【2013年11月18日】のアーカイブ

 先日、神保町画廊でやっていた下水道の内部ばかりの写真展を当ブログで紹介しましたが、すぐ近くに我が国近代下水の発祥の地ともいえる場所があるのをご存知ですか?

 場所はパレスサイドビルからも遠くない神田駅西口を出て靖国通りに向かう多町大通を50メートル足らずの左側。ニ神田下水碑2.jpgシザワ薬局前の歩道に「神田下水」の碑というか、案内板が建っています=写真㊨

 都水道局、千代田区観光協会、日本土木学会などのサイトによると、江戸から明治に時代が移り、海外との交流によりもたらされたコレラが日本各地で度々流行。特に1882(明治15)年には全国の死者3万人、東京府下でも5000人を超えたといい、政府は衛生確保のため上下水道など衛生施設の改良の必要を認識した由。具体的には1883年、東京府に「水道溝渠等改良ノ儀」が示達されたのを受け、内務省技師石黒五十二が、政府お雇い技師だったオランダ人ヨハネス・ デ・レーケの指導を受け、1884~85年に下水道が敷設したとのこと。当時の神田は人口が密集し感染が広がりやすい条件だったために選ばれたようです。
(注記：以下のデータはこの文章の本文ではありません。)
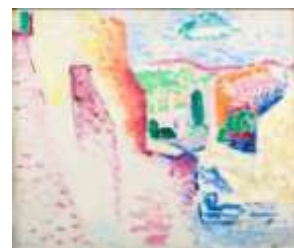
Henri Matisse, Collioure, rue du Soleil , été 1905, huile sur toile, musée départemental Matisse, Le Cateau-Cambrésis

Cette exposition est organisée en partenariat avec le musée départemental Matisse du Cateau-Cambrésis (Nord).

 ちなみに、当時は「万年排水器」と称したそうで、管の断面は横幅610~910ミリ、高さ910~1360ミリ、1846年に英国人J・フィリップが考案した卵を逆さにした形状で、流れる下水の量が少ないときも流速を確保でき、ごみが堆積しない合理的な構造ということです。

 工事は、財政上の理由から2年で中止。結果として建設されたのはレンガ積み管900メートル、陶管3100メートル、計約4000メートルにとどまりましたが、関東大震災や第二次世界大戦、さらには路面交通量の激増など設計時の想定をはるかに超える負荷にも耐え、碑がある神田駅界隈の815 mほどが今も現役で活躍中。うちレンガ積み部分614メートルが1994年に都教育委員会から史跡に指定されました。